Dan’s monologue sped on. “I also gotta drop you off near the embassy so you can get your visa. It’s all arranged, but you have to go to the embassy on your own, and you’ll need your air force travel orders and Pan Am tickets first. I’ll pick you up same corner where I drop you forty-five minutes later. I’ll swing by every fifteen minutes. You know that drill.”
“You’ve thought of everything,” said Frank, guessing that Dan wanted him to ask what embassy he intended to drop him off at. Frank, suspecting he knew the answer, didn’t ask.
“Yeah, well, we had to. Besides, Sully, they really need you on this. Guys like you and Gus. Guys with real news media experience. And Third World experience. There’s not much of that expertise left inside. The idea comes straight out of the National Security Council, and I’ve gotta believe your old buddy Pete Howard had a hand in it. NSC and the agency’ve been working on this a long time, and then it all kind of jelled in a hurry.”
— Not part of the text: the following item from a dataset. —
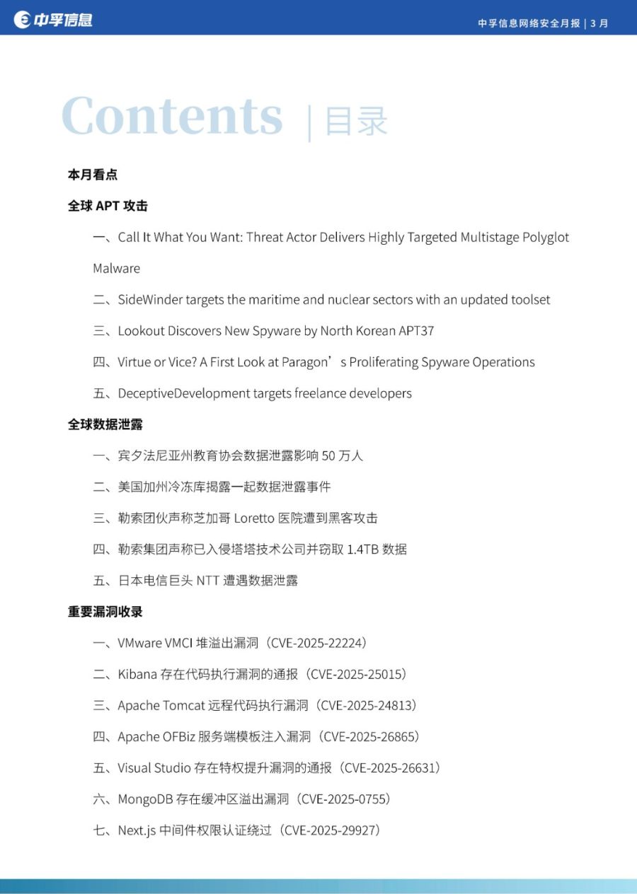 在本月收录的安全漏洞里,影响较大且值得关注的是:Next.js中间件权限认证绕过(CVE-2025-29927); Apache Tomcat 远程代码执行漏洞(CVE-2025-24813); Kibana 存在代码执行漏洞的通报(CVE-2025-25015); VMware VMCI 堆溢出漏洞(CVE-2025-22224)等。

“And you thought I’d go for it.”
“We sure as hell hoped so. I know how bad we need you, and some of the bureaucrats we have, they’re suspicious of a guy like you because you’ve never been one of them. In fact, that’s going to be a problem because the other guy on the team, I call him Archie because his name is Bunker, Frederick J. Bunker, he’s a Mormon, real straitlaced and a real good bureaucrat, but he doesn’t know squat about media or much about the field. You’ll get along fine with Gus, but it’s Archie Bunker you’ll have to worry about. You figure out where it is?”
“I don’t think I want to know.”
“Yeah, but I know you read the goddamn
Post
and the
Times
and the
Wall Street Journal
every friggin’ day, so I know you’ve been reading what’s going on, so I bet you figured it out, right? So tell me what you think.”
Friggin’, thought Frank. Another new word.
Dan turned and watched him and laughed nervously over the loud twang of a Johnny Cash song as Frank spoke the two syllables.
“Iran.”
“Hey, I couldn’t even hear what you said, I was laughing so hard, but I read your lips, and I knew you’d figure it out.”
Frank shook his head and began chanting, “Hell, no. I won’t go. Hell, no. I won’t…”
Wrapped up in his own reactions, he’d forgotten how Dan had been shamed by his oldest son. He had been a draft resister during the last stages of the Vietnam War.
“The hell you won’t, boy.” Dan’s lips had tightened. He had both hands on the wheel, and his knuckles turned white.